#### WHAT YOU WILL DO:
Drop every picture, then repeat the records exactly.

-- -- --

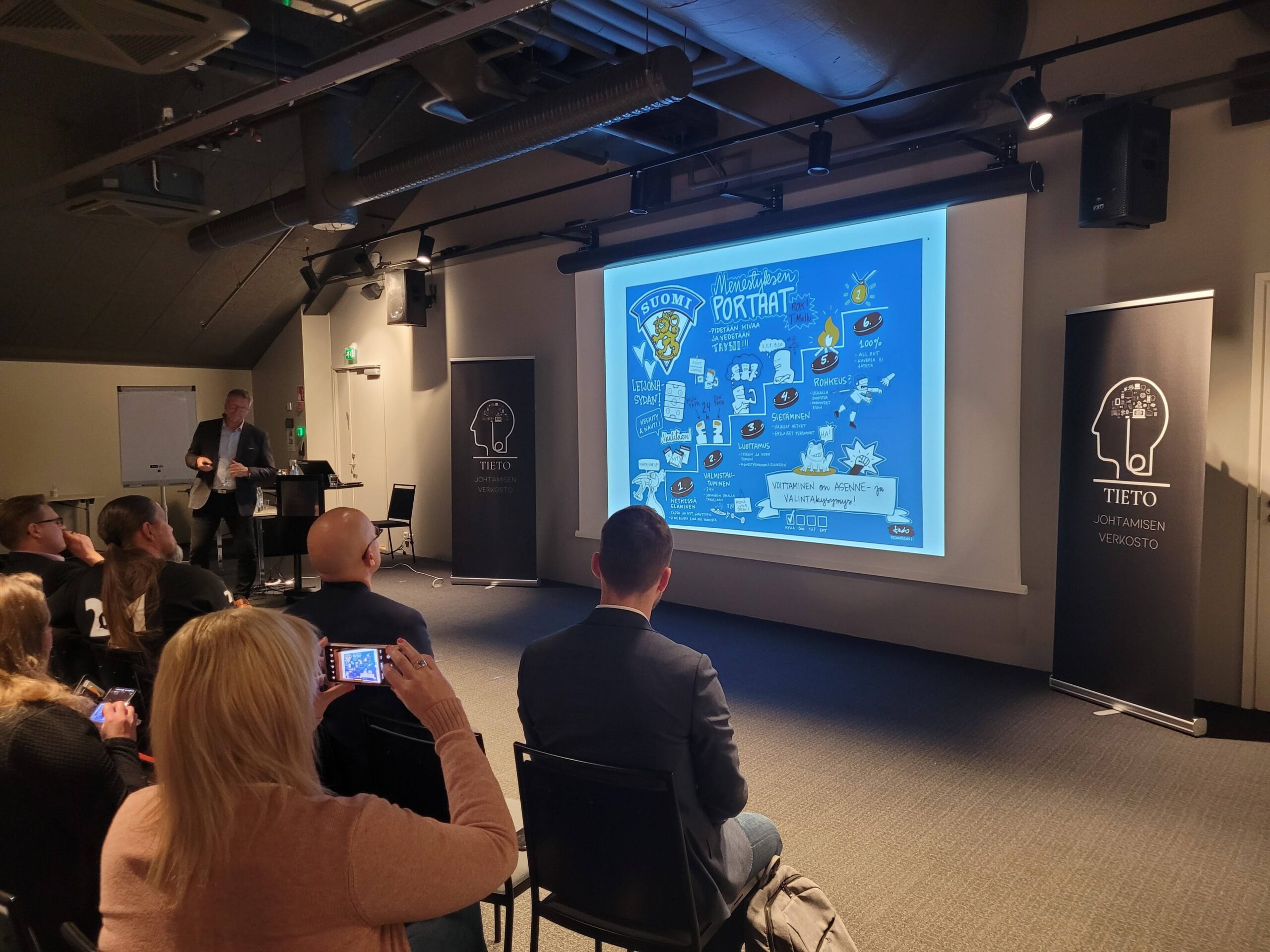 Jukka Jalosen esityksestä selvisi, ettei Suomen maajoukkueessakaan pärjätä ilman tietoa, taitoa ja kokemusta mallintaa ja toteuttaa menestys ja siihen liittyvä tarina yhä uudelleen ja uudelleen tapahtuvaksi. Tämän taustalla ovat joukkueen yhdessä muodostetut käytännön arvot. Tästä aasinsiltana, näen verkoston jäsenillä ja verkostopäivien osallistujilla tulevaisuuteen katsovan velvollisuuden, olla jatkuvasti muuttuvassa maailmassa yhteisesti tietoisia siitä, millaisia käytännön arvoja edustavalle organisaatiolle me tietoa jalostamme ja tuotamme sekä millainen tieto sitä ekosysteemiä parhaiten tukee. Organisaation tavoitetta tukeva kulttuuri, tiedostamaton tai tiedostettu, saa alkunsa yksittäisten tiimien tai ryhmien flowsta ja siitä syntyvästä itseä vahvistavasta positiivisesta muutoksesta, jota tiedolla tuetaan.
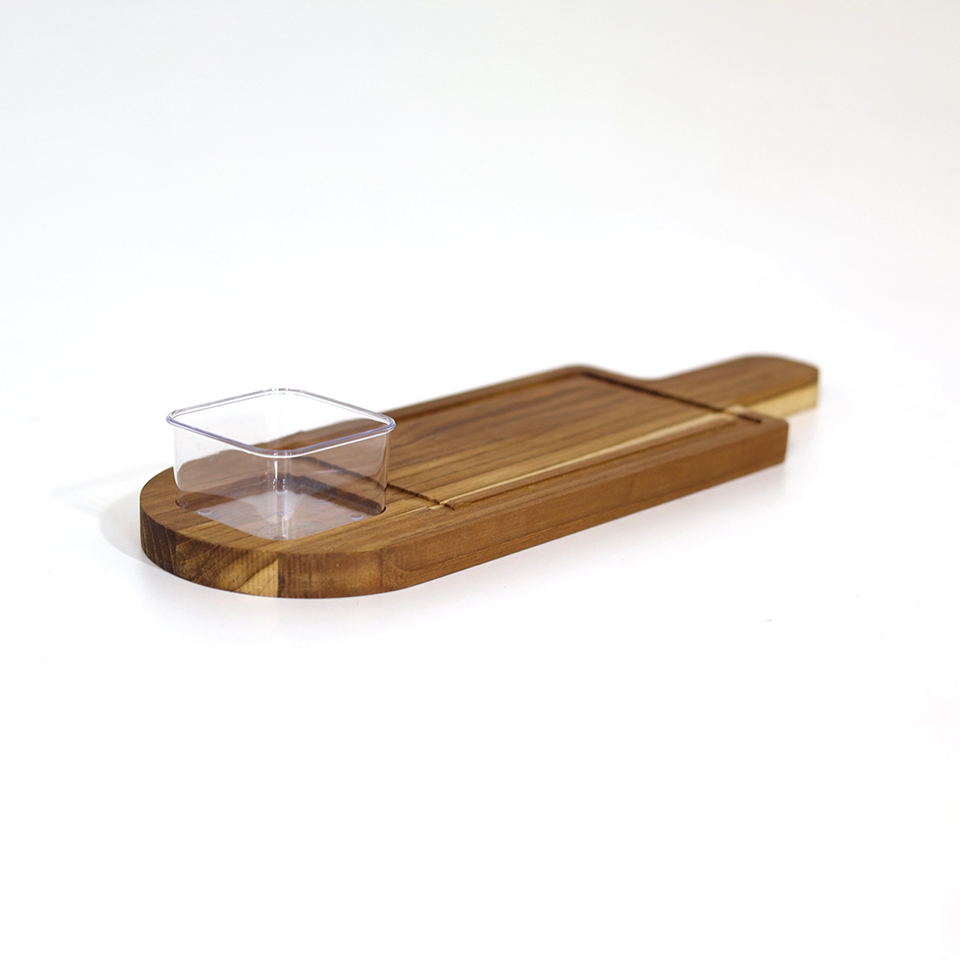La Tabla para Servir 177 con mango tipo teca y 1 recipiente acrílico es una opción práctica y elegante para quienes buscan una presentación simple pero con diseño.
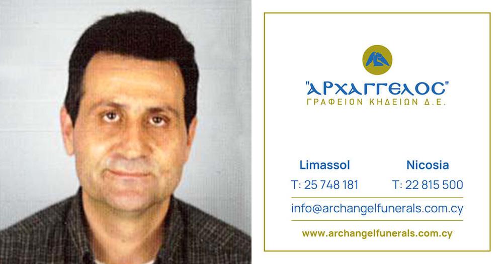 που απεβίωσε στις 09.01.2025, σε ηλικία 63 ετών, κηδεύουμε την Παρασκευή 10.01.2025 και ώρα 3:00 μ.μ. από τον Ιερό Ναό Απ.Ανδρέα και Οσίας Φωτεινής στο Συνοικισμό Κολοσσίου στη Λεμεσό και καλούμε όσους τιμούν τη μνήμη του να παραστούν.
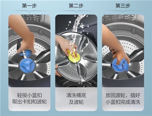TCL的独家专利技术免污小蓝扣是行业内的首个可拆洗技术,轻按小蓝扣,取出卡扣和波轮,就可以对不锈钢波轮进行冲洗,同时对桶底进行清洁,最后将波轮盘放回,插好小蓝扣,清洗工作就完成了,整个操作十分简单便捷。轻松完成三个月一小洗,轻松解决细菌滋生,让污垢无处可藏,避免衣物的二次污染!
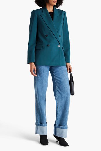 Viva double-breasted Prince of Wales checked linen and cotton-blend blazer
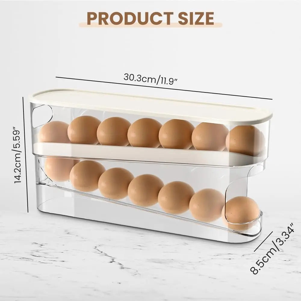 ·Convenient Rolling Egg Dispenser: With an automatic sliding track, eggs roll forward smoothly for easy access. No need to constantly lift the cover-grab your eggs effortlessly each time.
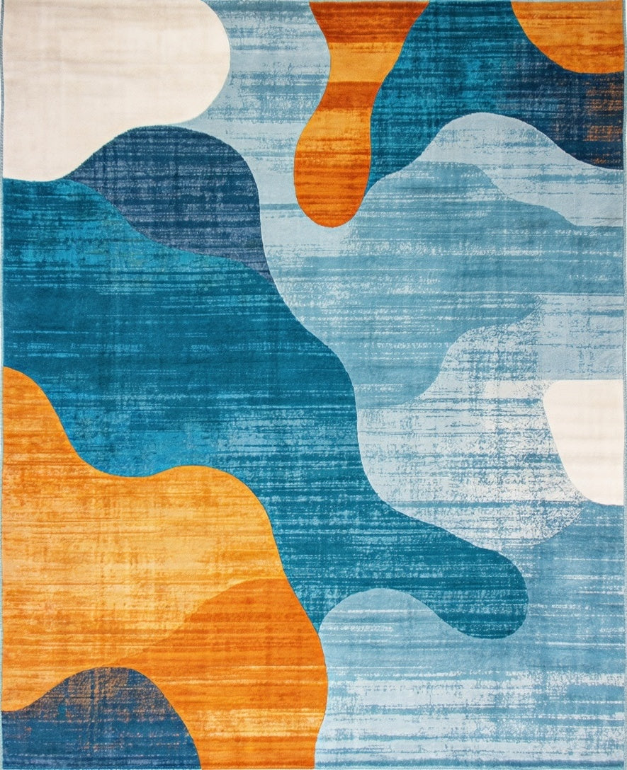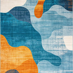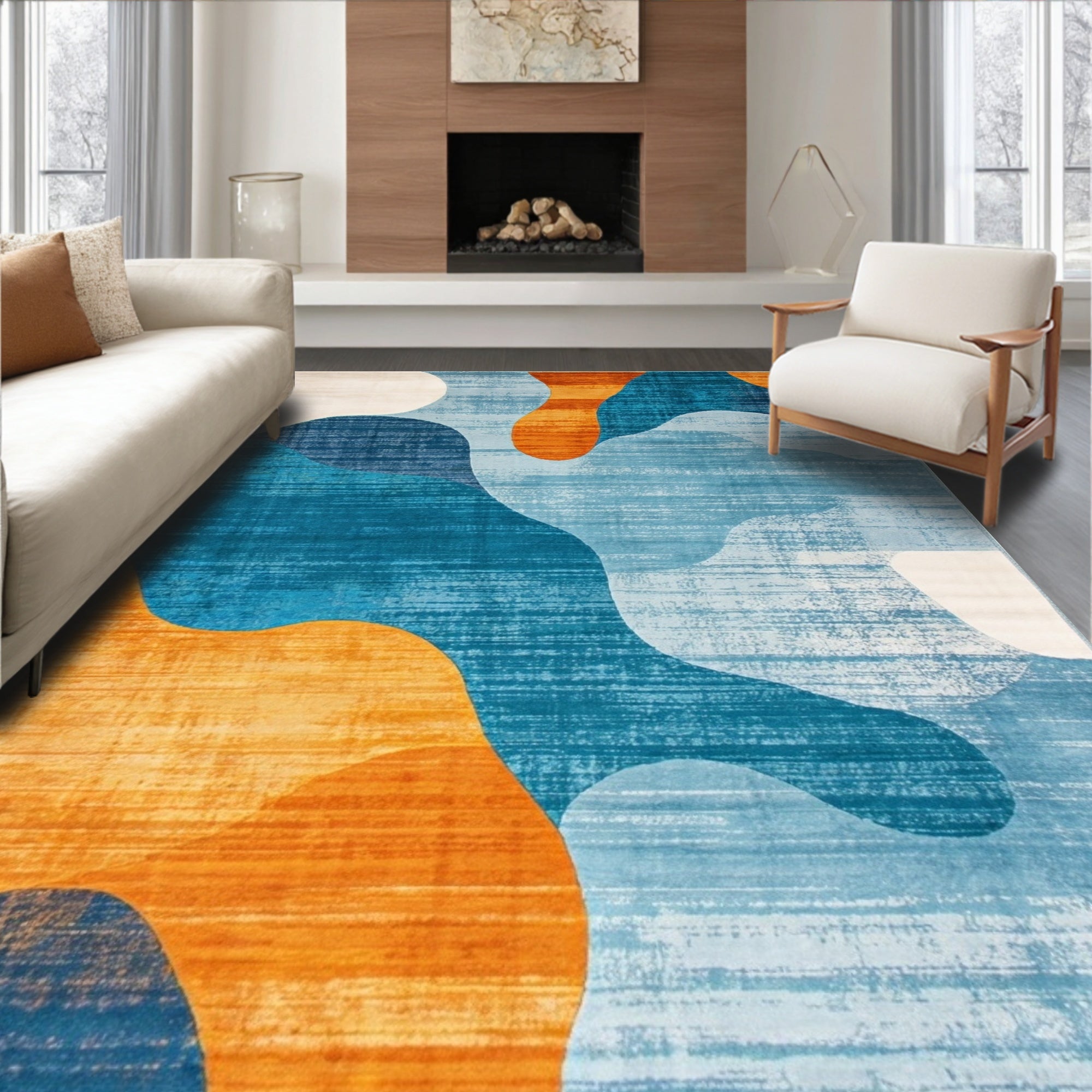 Ultra Soft Area Rug, Non Slip, Stain Resistant, Washable Area Rugs for Living Room, Bedroom, Chic Area with Contemporary Blue Orange Abstract Motif(Blue) Overview:
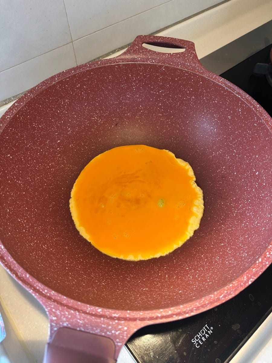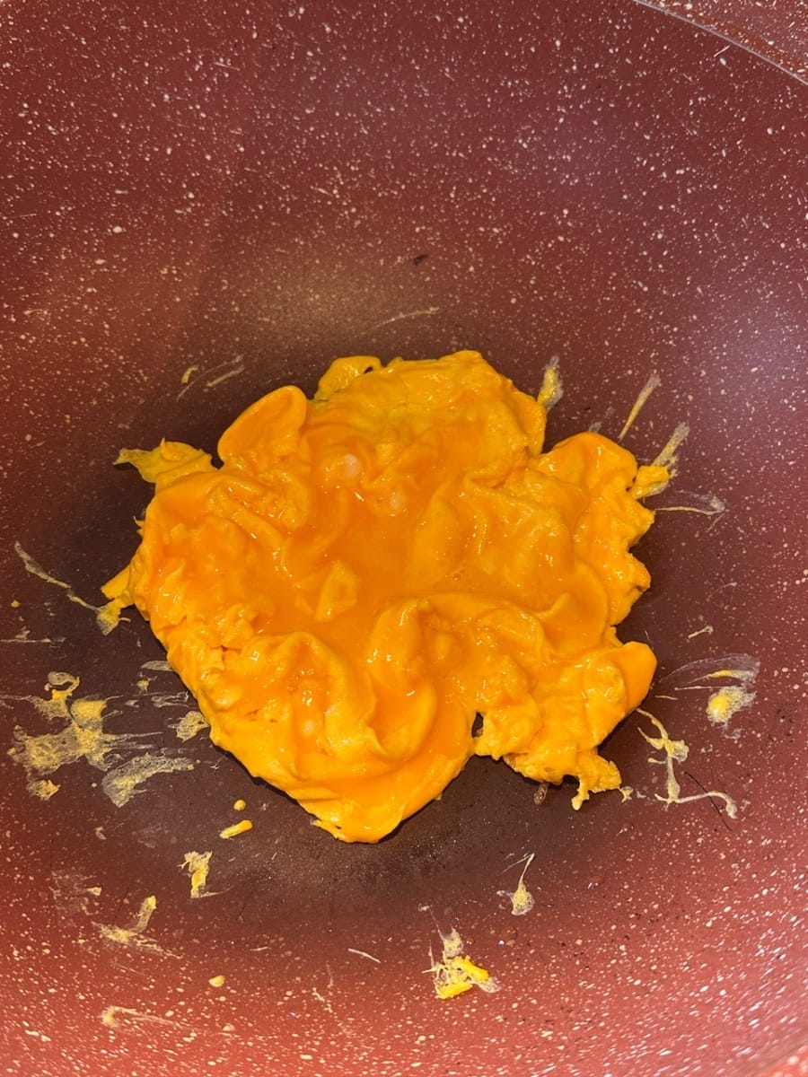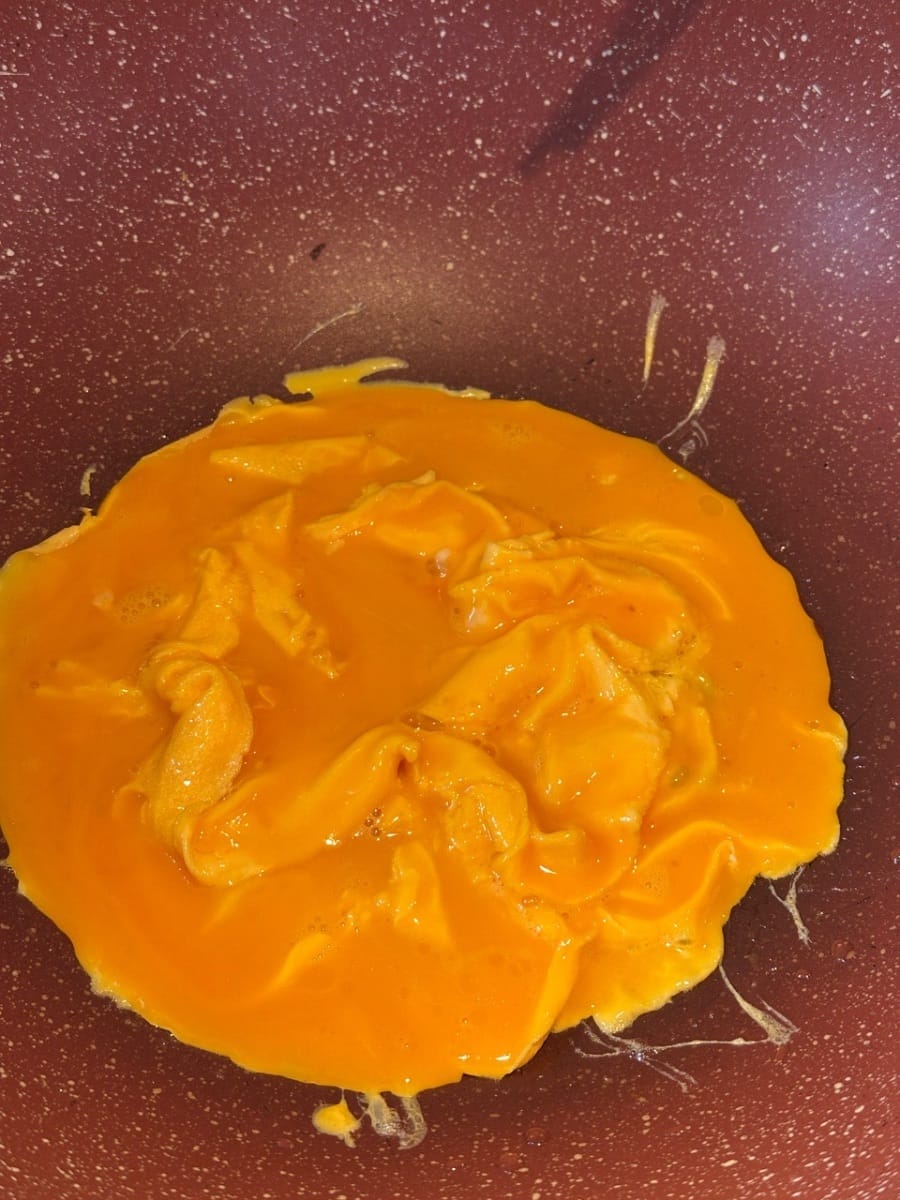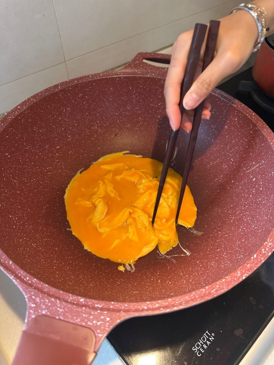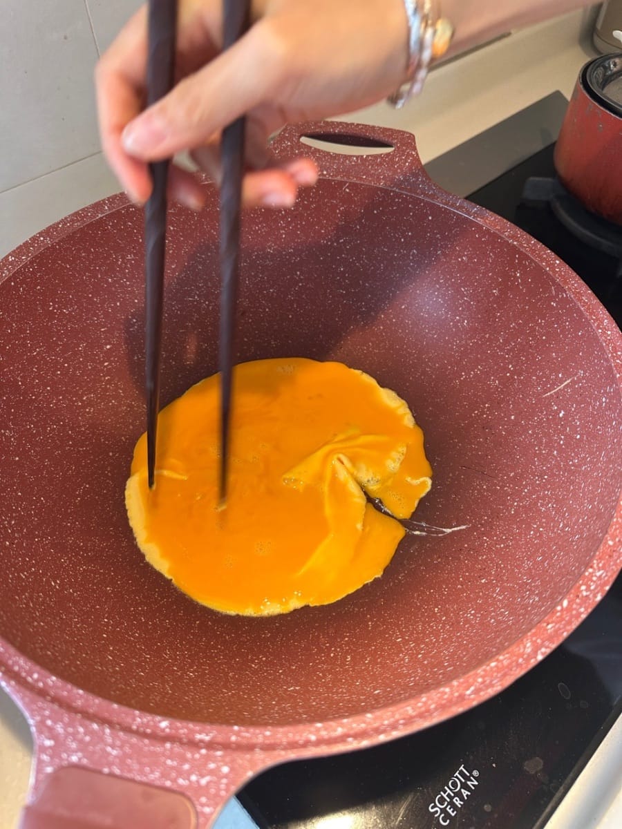 ตั้งกระทะใส่น้ำมันเล็กน้อย ใช้ไฟปานกลาง เทไข่ลงไป ทิ้งไว้สักสองสามวินาทีก่อนคนให้สุก
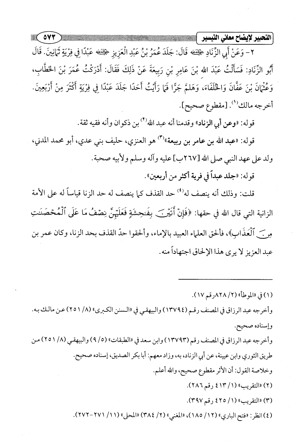 2 - وَعَنْ أَبِي الزِّنَادِ - رضي الله عنه - قَالَ: جَلَدَ عُمَرُ بْنُ عَبْدِ الْعَزِيزِ - رضي الله عنه - عَبْدًا فِي فِرْيَةٍ ثَمَانِينَ. قَالَ أَبُو الزِّنَادِ: فَسَأَلْتُ عَبْدَ اللهِ بْنَ عَامِرِ بْنِ رَبِيعَةَ عَنْ ذَلِكَ فَقَالَ: أَدْرَكْتُ عُمَرَ بْنَ الخَطَّابِ، وَعُثْمَانَ بْنَ عَفَّانَ وَالخُلَفَاءَ، وَهَلمَّ جَرًّا فَمَا رَأَيْتُ أَحَدًا جَلَدَ عَبْدًا فِي فِرْيَةٍ أَكْثَرَ مِنْ أَرْبَعَيِنَ. أخرجه مالك (¬1). [مقطوع صحيح].
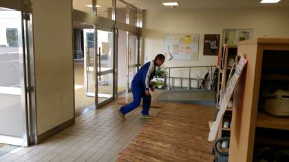 玄関をきれいに掃除し整え、クラスのために配布棚へ新聞を入れ、窓やドアをピカピカに磨いてくださります。船橋希望中学校の校舎が美しく保たれ、そして皆さんが毎日快適に過ごせるのはこうやって朝早くから働いてくださる方々のおかげです。皆さんの心がけで大事に校舎を使い、感謝の気持ちをもって毎日を過ごしましょう。
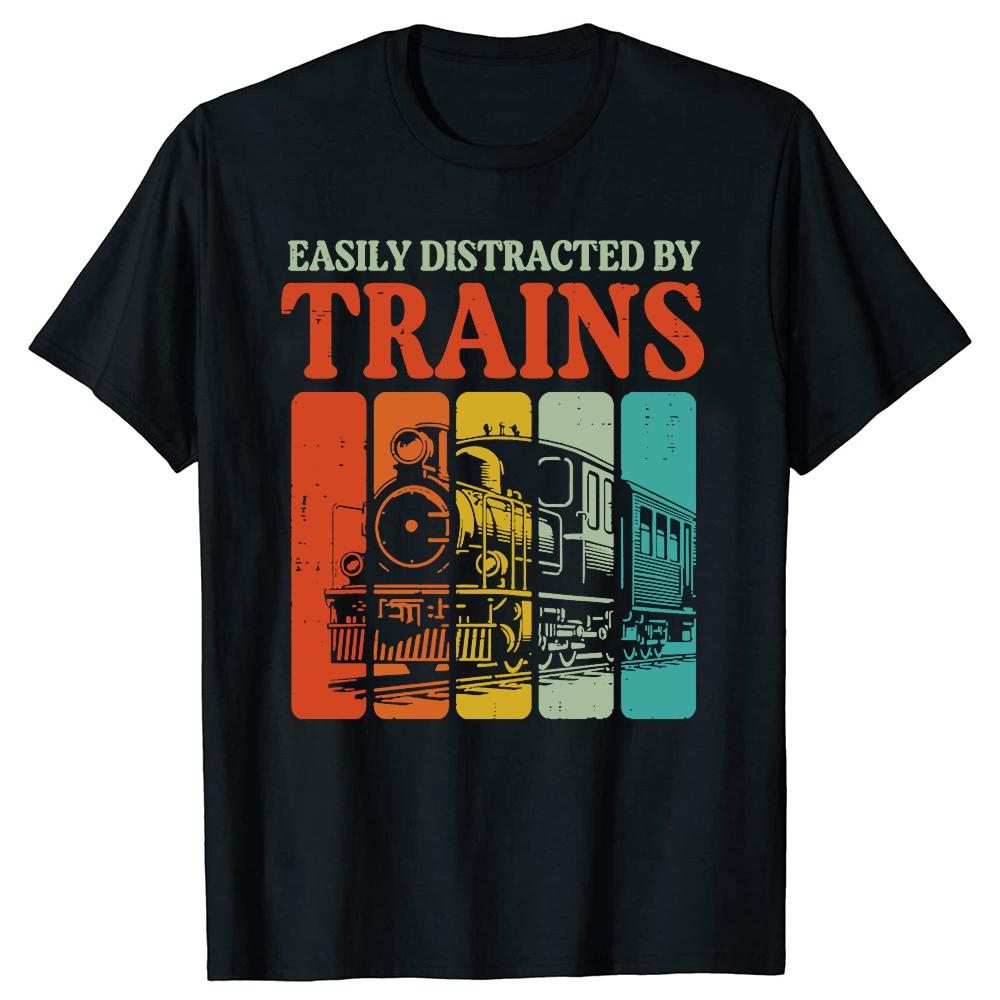 Vintage Easily Distracted By Trains Funny Graphic Tshirt Men Women Hip Hop Oversized T Shirt 100 Cotton Comfort Tshirts

-- -- --

#### FINAL ANSWER:
 Jukka Jalosen esityksestä selvisi, ettei Suomen maajoukkueessakaan pärjätä ilman tietoa, taitoa ja kokemusta mallintaa ja toteuttaa menestys ja siihen liittyvä tarina yhä uudelleen ja uudelleen tapahtuvaksi. Tämän taustalla ovat joukkueen yhdessä muodostetut käytännön arvot. Tästä aasinsiltana, näen verkoston jäsenillä ja verkostopäivien osallistujilla tulevaisuuteen katsovan velvollisuuden, olla jatkuvasti muuttuvassa maailmassa yhteisesti tietoisia siitä, millaisia käytännön arvoja edustavalle organisaatiolle me tietoa jalostamme ja tuotamme sekä millainen tieto sitä ekosysteemiä parhaiten tukee. Organisaation tavoitetta tukeva kulttuuri, tiedostamaton tai tiedostettu, saa alkunsa yksittäisten tiimien tai ryhmien flowsta ja siitä syntyvästä itseä vahvistavasta positiivisesta muutoksesta, jota tiedolla tuetaan.
La Tabla para Servir 177 con mango tipo teca y 1 recipiente acrílico es una opción práctica y elegante para quienes buscan una presentación simple pero con diseño.
 που απεβίωσε στις 09.01.2025, σε ηλικία 63 ετών, κηδεύουμε την Παρασκευή 10.01.2025 και ώρα 3:00 μ.μ. από τον Ιερό Ναό Απ.Ανδρέα και Οσίας Φωτεινής στο Συνοικισμό Κολοσσίου στη Λεμεσό και καλούμε όσους τιμούν τη μνήμη του να παραστούν.
TCL的独家专利技术免污小蓝扣是行业内的首个可拆洗技术,轻按小蓝扣,取出卡扣和波轮,就可以对不锈钢波轮进行冲洗,同时对桶底进行清洁,最后将波轮盘放回,插好小蓝扣,清洗工作就完成了,整个操作十分简单便捷。轻松完成三个月一小洗,轻松解决细菌滋生,让污垢无处可藏,避免衣物的二次污染!
 Viva double-breasted Prince of Wales checked linen and cotton-blend blazer
 ·Convenient Rolling Egg Dispenser: With an automatic sliding track, eggs roll forward smoothly for easy access. No need to constantly lift the cover-grab your eggs effortlessly each time.
 Ultra Soft Area Rug, Non Slip, Stain Resistant, Washable Area Rugs for Living Room, Bedroom, Chic Area with Contemporary Blue Orange Abstract Motif(Blue) Overview:
 ตั้งกระทะใส่น้ำมันเล็กน้อย ใช้ไฟปานกลาง เทไข่ลงไป ทิ้งไว้สักสองสามวินาทีก่อนคนให้สุก
 2 - وَعَنْ أَبِي الزِّنَادِ - رضي الله عنه - قَالَ: جَلَدَ عُمَرُ بْنُ عَبْدِ الْعَزِيزِ - رضي الله عنه - عَبْدًا فِي فِرْيَةٍ ثَمَانِينَ. قَالَ أَبُو الزِّنَادِ: فَسَأَلْتُ عَبْدَ اللهِ بْنَ عَامِرِ بْنِ رَبِيعَةَ عَنْ ذَلِكَ فَقَالَ: أَدْرَكْتُ عُمَرَ بْنَ الخَطَّابِ، وَعُثْمَانَ بْنَ عَفَّانَ وَالخُلَفَاءَ، وَهَلمَّ جَرًّا فَمَا رَأَيْتُ أَحَدًا جَلَدَ عَبْدًا فِي فِرْيَةٍ أَكْثَرَ مِنْ أَرْبَعَيِنَ. أخرجه مالك (¬1). [مقطوع صحيح].
 玄関をきれいに掃除し整え、クラスのために配布棚へ新聞を入れ、窓やドアをピカピカに磨いてくださります。船橋希望中学校の校舎が美しく保たれ、そして皆さんが毎日快適に過ごせるのはこうやって朝早くから働いてくださる方々のおかげです。皆さんの心がけで大事に校舎を使い、感謝の気持ちをもって毎日を過ごしましょう。
 Vintage Easily Distracted By Trains Funny Graphic Tshirt Men Women Hip Hop Oversized T Shirt 100 Cotton Comfort Tshirts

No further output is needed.